__ASSIGNMENT__. Using the data below, output the first line and every line after it up to and including the line containing "จากการแคสต์ แต่สุดท้ายแล้วถ้าโอกาสนั้นๆ ไม่ได้เหมาะสมกับโบ", exactly as written and with nothing added.

__PROVIDED ENTRIES__.
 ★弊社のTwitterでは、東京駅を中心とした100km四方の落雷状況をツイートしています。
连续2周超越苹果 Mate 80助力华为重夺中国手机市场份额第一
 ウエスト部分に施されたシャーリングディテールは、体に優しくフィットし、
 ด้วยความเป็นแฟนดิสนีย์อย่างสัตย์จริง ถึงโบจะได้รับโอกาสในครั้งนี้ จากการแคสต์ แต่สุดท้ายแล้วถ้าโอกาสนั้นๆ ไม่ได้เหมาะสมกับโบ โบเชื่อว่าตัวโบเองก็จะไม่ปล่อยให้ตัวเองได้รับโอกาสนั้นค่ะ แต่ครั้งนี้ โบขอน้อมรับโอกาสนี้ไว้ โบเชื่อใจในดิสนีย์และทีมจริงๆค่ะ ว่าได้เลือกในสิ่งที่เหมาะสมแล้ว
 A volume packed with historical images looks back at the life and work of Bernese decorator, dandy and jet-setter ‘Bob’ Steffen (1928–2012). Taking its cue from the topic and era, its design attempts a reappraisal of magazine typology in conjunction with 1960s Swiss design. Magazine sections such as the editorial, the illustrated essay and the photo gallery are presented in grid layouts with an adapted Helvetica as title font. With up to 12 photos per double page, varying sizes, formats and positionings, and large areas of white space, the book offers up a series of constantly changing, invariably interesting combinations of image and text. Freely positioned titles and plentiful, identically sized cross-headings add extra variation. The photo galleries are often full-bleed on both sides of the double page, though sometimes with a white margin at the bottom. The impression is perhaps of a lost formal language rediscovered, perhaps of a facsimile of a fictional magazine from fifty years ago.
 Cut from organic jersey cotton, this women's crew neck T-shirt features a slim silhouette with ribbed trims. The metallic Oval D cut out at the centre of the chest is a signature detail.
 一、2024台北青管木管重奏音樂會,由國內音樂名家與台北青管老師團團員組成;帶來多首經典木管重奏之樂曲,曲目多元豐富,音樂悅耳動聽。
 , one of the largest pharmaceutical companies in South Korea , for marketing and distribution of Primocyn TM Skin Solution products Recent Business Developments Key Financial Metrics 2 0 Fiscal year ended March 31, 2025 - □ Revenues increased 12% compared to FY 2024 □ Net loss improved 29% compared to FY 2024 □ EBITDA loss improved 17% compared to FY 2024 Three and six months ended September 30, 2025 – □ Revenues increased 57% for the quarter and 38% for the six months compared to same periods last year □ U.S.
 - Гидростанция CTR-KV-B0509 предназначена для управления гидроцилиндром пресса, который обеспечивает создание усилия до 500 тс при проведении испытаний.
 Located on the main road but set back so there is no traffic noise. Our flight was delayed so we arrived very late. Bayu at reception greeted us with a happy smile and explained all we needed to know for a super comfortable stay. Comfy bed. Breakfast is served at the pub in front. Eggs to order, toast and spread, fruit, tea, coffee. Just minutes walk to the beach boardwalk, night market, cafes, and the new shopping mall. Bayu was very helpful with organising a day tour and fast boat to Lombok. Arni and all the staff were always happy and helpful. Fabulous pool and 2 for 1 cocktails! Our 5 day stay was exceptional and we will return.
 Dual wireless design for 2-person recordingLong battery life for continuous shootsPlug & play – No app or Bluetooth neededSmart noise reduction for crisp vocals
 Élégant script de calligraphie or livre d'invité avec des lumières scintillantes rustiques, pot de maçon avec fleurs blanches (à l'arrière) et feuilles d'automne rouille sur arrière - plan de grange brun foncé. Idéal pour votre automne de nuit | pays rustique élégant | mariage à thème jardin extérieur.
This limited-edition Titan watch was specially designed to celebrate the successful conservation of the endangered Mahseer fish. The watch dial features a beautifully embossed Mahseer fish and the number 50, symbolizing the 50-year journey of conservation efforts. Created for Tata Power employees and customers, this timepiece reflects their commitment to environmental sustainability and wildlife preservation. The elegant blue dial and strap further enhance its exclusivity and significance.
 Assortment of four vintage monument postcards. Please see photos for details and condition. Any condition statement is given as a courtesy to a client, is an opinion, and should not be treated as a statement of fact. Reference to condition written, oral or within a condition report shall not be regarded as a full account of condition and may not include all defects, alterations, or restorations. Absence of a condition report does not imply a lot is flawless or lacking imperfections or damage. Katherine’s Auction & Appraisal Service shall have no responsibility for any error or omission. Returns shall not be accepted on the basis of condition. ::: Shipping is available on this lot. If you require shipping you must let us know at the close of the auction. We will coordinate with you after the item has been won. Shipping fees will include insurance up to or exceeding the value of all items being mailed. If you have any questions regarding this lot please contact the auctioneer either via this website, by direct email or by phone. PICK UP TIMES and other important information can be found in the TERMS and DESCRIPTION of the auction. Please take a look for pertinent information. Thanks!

__WRITTEN ANSWER__.
 ★弊社のTwitterでは、東京駅を中心とした100km四方の落雷状況をツイートしています。
连续2周超越苹果 Mate 80助力华为重夺中国手机市场份额第一
 ウエスト部分に施されたシャーリングディテールは、体に優しくフィットし、
 ด้วยความเป็นแฟนดิสนีย์อย่างสัตย์จริง ถึงโบจะได้รับโอกาสในครั้งนี้ จากการแคสต์ แต่สุดท้ายแล้วถ้าโอกาสนั้นๆ ไม่ได้เหมาะสมกับโบ โบเชื่อว่าตัวโบเองก็จะไม่ปล่อยให้ตัวเองได้รับโอกาสนั้นค่ะ แต่ครั้งนี้ โบขอน้อมรับโอกาสนี้ไว้ โบเชื่อใจในดิสนีย์และทีมจริงๆค่ะ ว่าได้เลือกในสิ่งที่เหมาะสมแล้ว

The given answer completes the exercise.